§ **ASSIGNED TASK**:
From the listing below, copy only the lines from the line that contains "A grass fire" to the line that contains "#CassaEdileAwards2025: siamo orgogliosi", counting those two lines as part of the copy.

§ **RECORD EXTRACTS**:

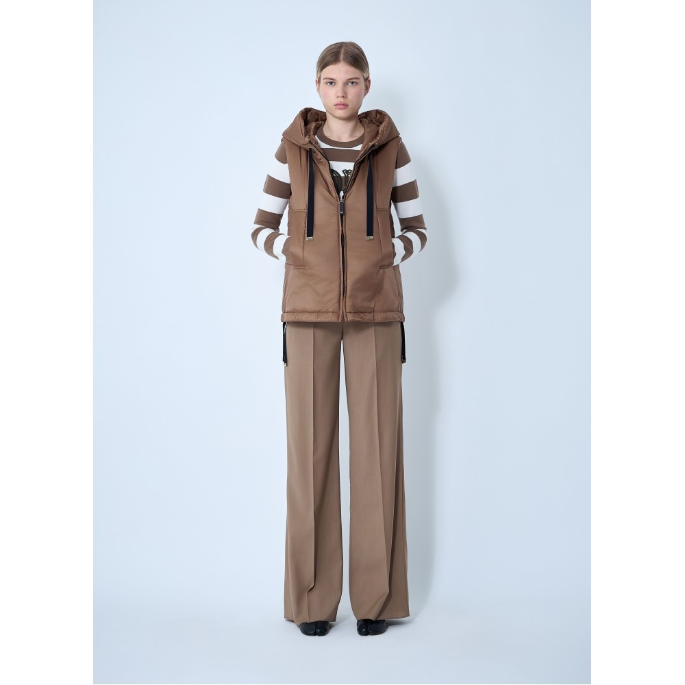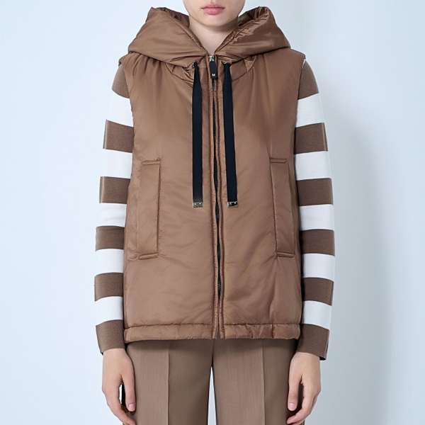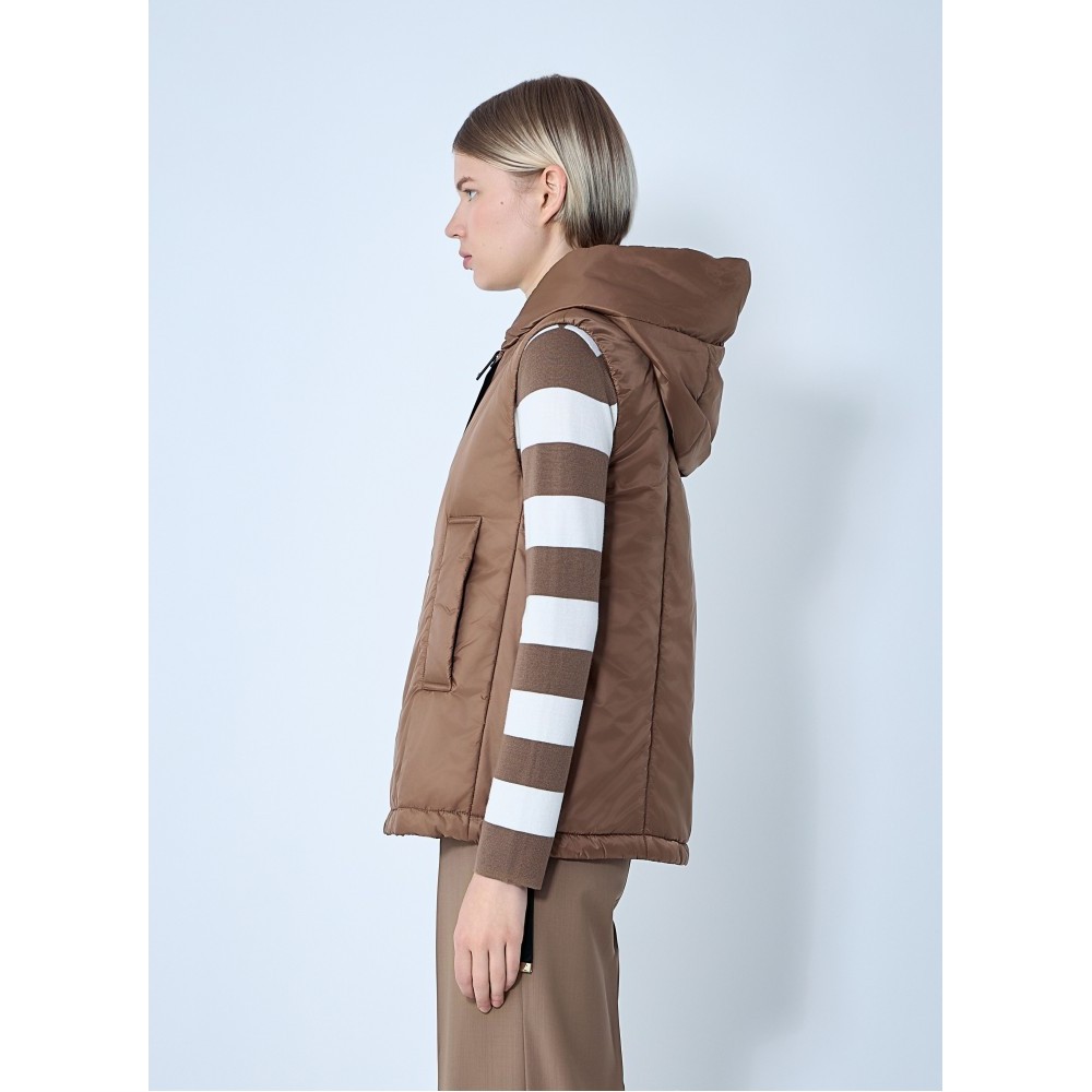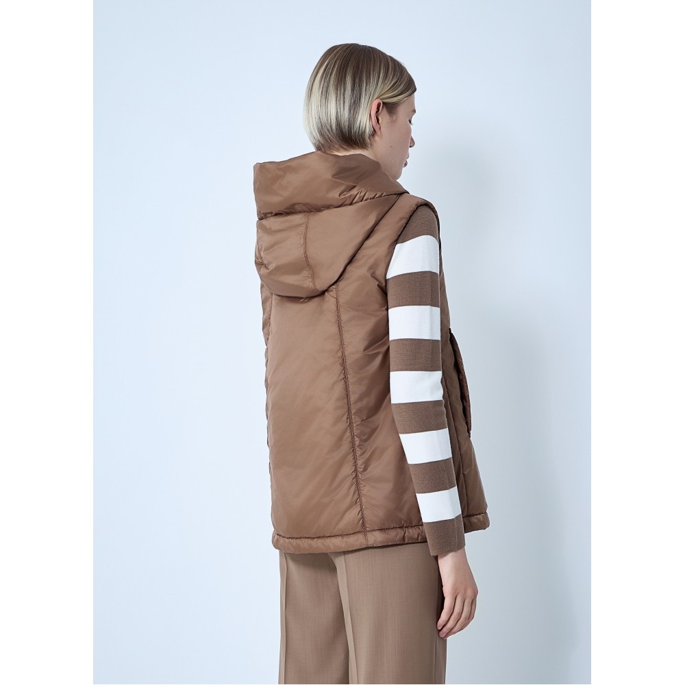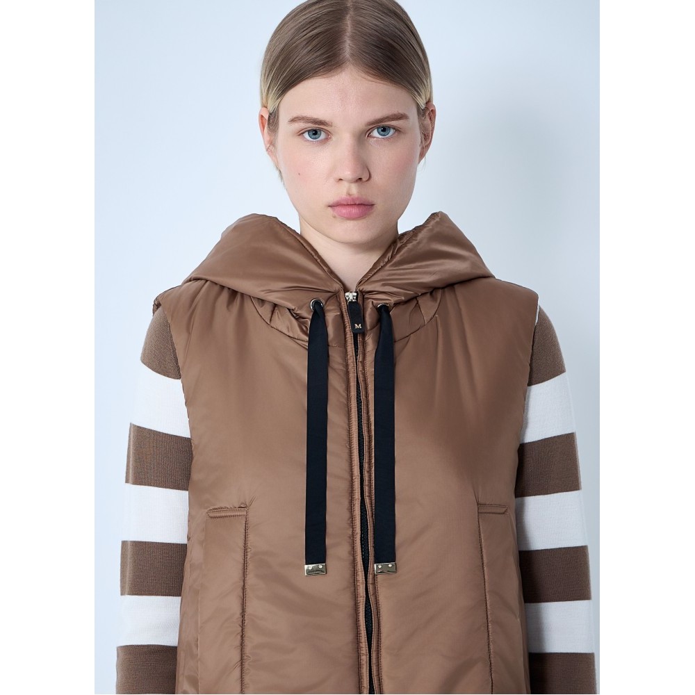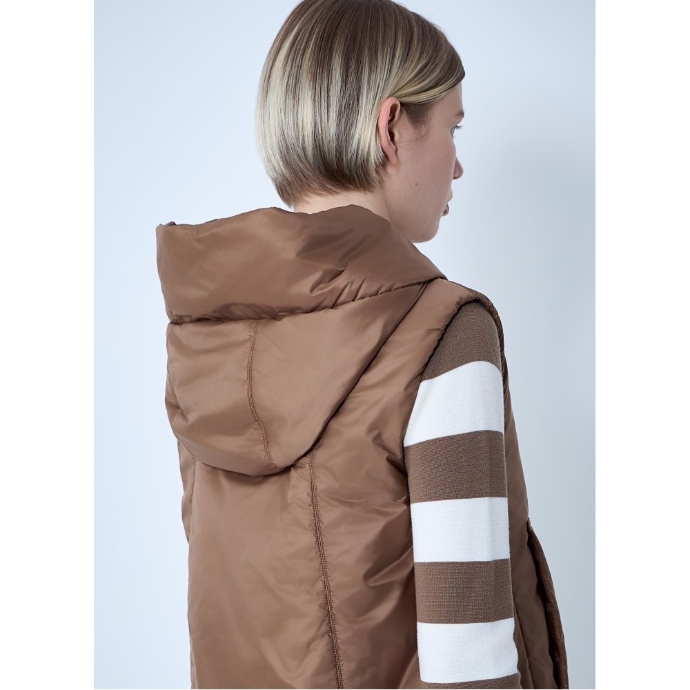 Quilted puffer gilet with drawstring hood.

==

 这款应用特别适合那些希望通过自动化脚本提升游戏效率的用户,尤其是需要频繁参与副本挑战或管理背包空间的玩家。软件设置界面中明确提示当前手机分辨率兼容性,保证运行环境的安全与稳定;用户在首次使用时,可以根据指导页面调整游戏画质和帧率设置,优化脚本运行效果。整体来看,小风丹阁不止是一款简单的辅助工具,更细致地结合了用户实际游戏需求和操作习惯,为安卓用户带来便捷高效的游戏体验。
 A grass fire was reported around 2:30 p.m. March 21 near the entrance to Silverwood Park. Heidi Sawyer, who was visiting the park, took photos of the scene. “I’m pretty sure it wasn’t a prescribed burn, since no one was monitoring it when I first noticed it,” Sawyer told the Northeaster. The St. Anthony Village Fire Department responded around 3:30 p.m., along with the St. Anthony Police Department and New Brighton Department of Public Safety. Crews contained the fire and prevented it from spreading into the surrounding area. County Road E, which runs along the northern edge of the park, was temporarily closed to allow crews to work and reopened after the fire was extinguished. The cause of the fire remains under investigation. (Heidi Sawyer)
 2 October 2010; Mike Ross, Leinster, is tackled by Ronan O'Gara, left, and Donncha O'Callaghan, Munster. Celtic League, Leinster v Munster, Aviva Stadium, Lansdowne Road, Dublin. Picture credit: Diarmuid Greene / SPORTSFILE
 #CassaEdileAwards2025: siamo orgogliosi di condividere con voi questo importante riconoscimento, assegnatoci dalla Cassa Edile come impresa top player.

§ **RESULT FOR THIS EXERCISE**:
 A grass fire was reported around 2:30 p.m. March 21 near the entrance to Silverwood Park. Heidi Sawyer, who was visiting the park, took photos of the scene. “I’m pretty sure it wasn’t a prescribed burn, since no one was monitoring it when I first noticed it,” Sawyer told the Northeaster. The St. Anthony Village Fire Department responded around 3:30 p.m., along with the St. Anthony Police Department and New Brighton Department of Public Safety. Crews contained the fire and prevented it from spreading into the surrounding area. County Road E, which runs along the northern edge of the park, was temporarily closed to allow crews to work and reopened after the fire was extinguished. The cause of the fire remains under investigation. (Heidi Sawyer)
 2 October 2010; Mike Ross, Leinster, is tackled by Ronan O'Gara, left, and Donncha O'Callaghan, Munster. Celtic League, Leinster v Munster, Aviva Stadium, Lansdowne Road, Dublin. Picture credit: Diarmuid Greene / SPORTSFILE
 #CassaEdileAwards2025: siamo orgogliosi di condividere con voi questo importante riconoscimento, assegnatoci dalla Cassa Edile come impresa top player.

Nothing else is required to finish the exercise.